» Given data
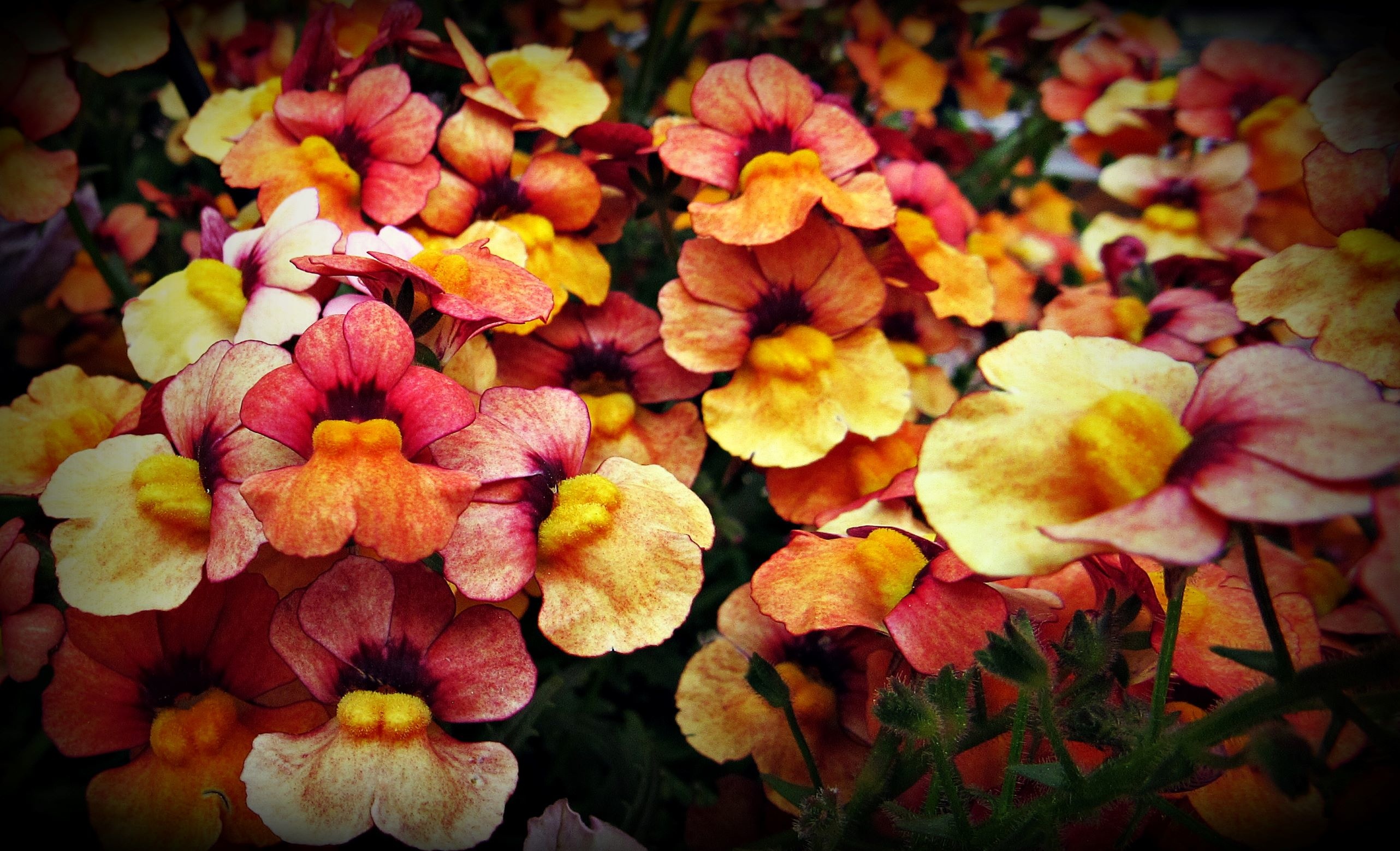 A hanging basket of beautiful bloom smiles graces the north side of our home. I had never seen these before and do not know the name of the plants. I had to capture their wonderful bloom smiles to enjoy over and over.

...

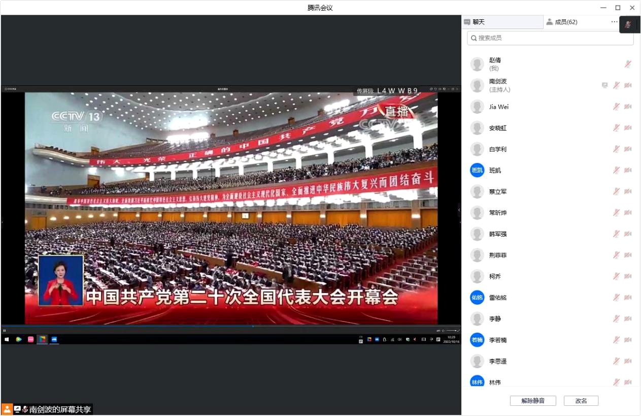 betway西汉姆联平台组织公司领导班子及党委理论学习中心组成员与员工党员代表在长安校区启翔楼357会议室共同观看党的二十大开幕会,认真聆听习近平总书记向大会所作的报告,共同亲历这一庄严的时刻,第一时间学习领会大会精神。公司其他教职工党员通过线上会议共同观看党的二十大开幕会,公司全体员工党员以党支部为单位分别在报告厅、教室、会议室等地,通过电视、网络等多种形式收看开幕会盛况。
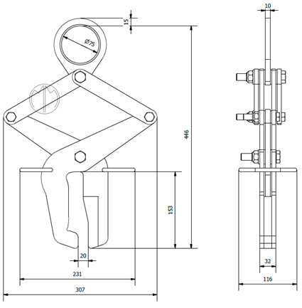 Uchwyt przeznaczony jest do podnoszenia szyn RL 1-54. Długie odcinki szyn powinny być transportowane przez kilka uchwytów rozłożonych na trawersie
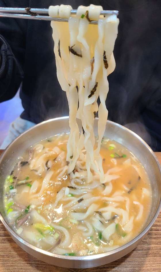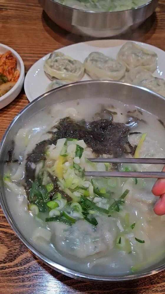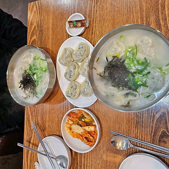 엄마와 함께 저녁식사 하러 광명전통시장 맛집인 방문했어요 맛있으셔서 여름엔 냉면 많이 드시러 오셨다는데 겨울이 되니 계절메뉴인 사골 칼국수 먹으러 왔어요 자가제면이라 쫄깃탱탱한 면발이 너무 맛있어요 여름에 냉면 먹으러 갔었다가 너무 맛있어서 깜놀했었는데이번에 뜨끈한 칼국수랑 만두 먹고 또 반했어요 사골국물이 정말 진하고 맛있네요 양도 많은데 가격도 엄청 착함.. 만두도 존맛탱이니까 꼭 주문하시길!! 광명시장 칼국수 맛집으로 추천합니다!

» Problem details
In the listing above, find the line with "betway西汉姆联平台组织" and the line with "엄마와 함께 저녁식사". Transcribe those two and everything between, exactly, leaving out pictures.

» Answer section
 betway西汉姆联平台组织公司领导班子及党委理论学习中心组成员与员工党员代表在长安校区启翔楼357会议室共同观看党的二十大开幕会,认真聆听习近平总书记向大会所作的报告,共同亲历这一庄严的时刻,第一时间学习领会大会精神。公司其他教职工党员通过线上会议共同观看党的二十大开幕会,公司全体员工党员以党支部为单位分别在报告厅、教室、会议室等地,通过电视、网络等多种形式收看开幕会盛况。
 Uchwyt przeznaczony jest do podnoszenia szyn RL 1-54. Długie odcinki szyn powinny być transportowane przez kilka uchwytów rozłożonych na trawersie
 엄마와 함께 저녁식사 하러 광명전통시장 맛집인 방문했어요 맛있으셔서 여름엔 냉면 많이 드시러 오셨다는데 겨울이 되니 계절메뉴인 사골 칼국수 먹으러 왔어요 자가제면이라 쫄깃탱탱한 면발이 너무 맛있어요 여름에 냉면 먹으러 갔었다가 너무 맛있어서 깜놀했었는데이번에 뜨끈한 칼국수랑 만두 먹고 또 반했어요 사골국물이 정말 진하고 맛있네요 양도 많은데 가격도 엄청 착함.. 만두도 존맛탱이니까 꼭 주문하시길!! 광명시장 칼국수 맛집으로 추천합니다!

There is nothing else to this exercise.